Peggy Mitchell's sister, Sal, occasionally appears but is not a blood relation to the main Mitchell family. Tucker Mitchell was referenced at Sal's funeral in 2024.

==Reception==
The Mitchells won the Best Family accolade at the 2006 Inside Soap Awards. They received a nomination in the same category at the 2009 ceremony.

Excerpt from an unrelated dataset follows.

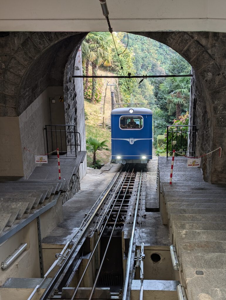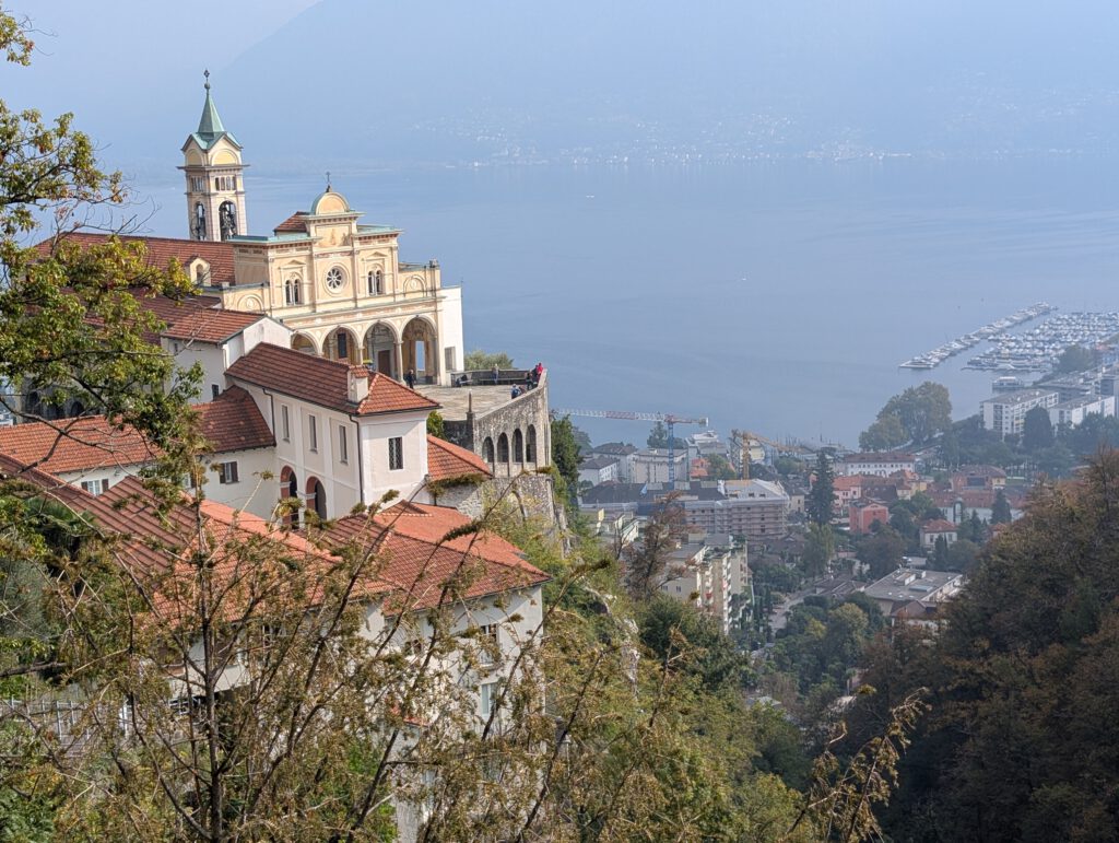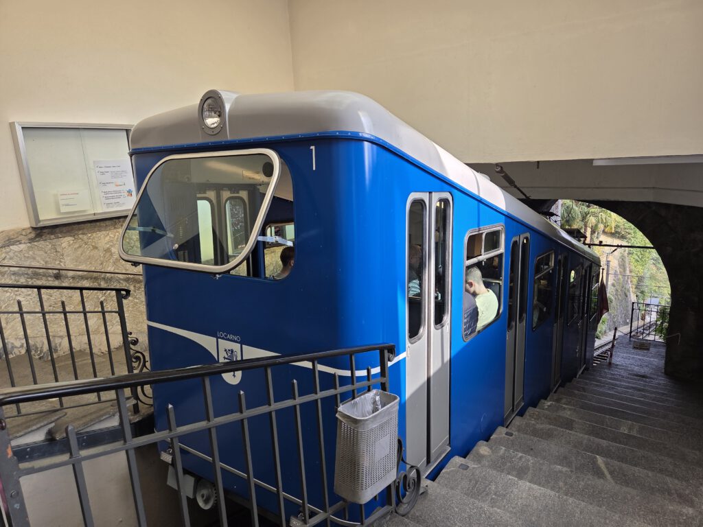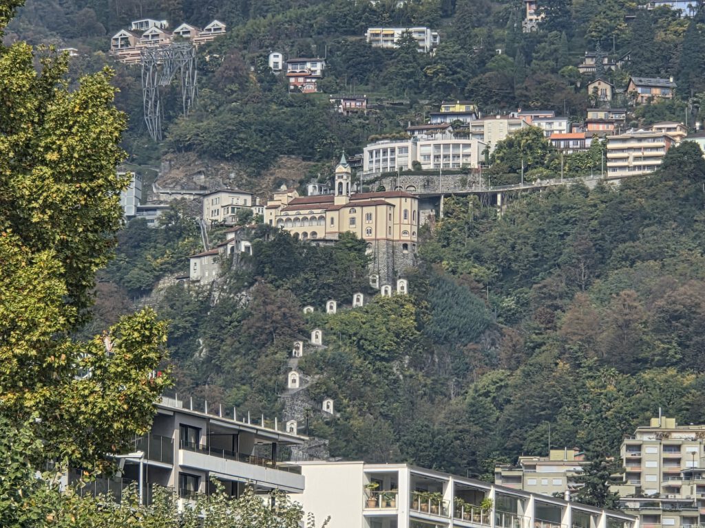 Picknickort wird der Bootsableger, danach gehen wir zu Fuß über den Kreuzweg hoch zur Wallfahrtskirche Madonna del Sasso. Diese liegt attraktiv auf einem Hügel und ist unter anderem über den Kreuzweg zu Fuß zu erreichen. Aber es ist dann doch gar nicht so steil, wie es zunächst wirkt. Die Sicht ist wunderschön und es ist gar nicht so viel los. Das Innere der 1480 begonnenen Kapelle ist rettungslos überladen und leider fehlen die Büchlein mit den Geschichten derer, die sich für die Heilung bedanken, was es anderswo immer gibt. Für den Rückweg wollen wir die kleine blaue Standseilbahn nehmen, die uns sehr an Lissabon erinnert. Aber … Nur Barzahlung in Schweizer Franken.

In 2019, Rebecca Koncienzcy of the Liverpool Echo called the Mitchells "one of the soap's most iconic families", and said: "The Mitchells have dominated storylines in the award-winning soap for decades and show no sign of stopping with the Sharon's affair with Keanu set to explode this Christmas."

The Mitchell family was longlisted for "Best Family" for the 2023 Inside Soap Awards.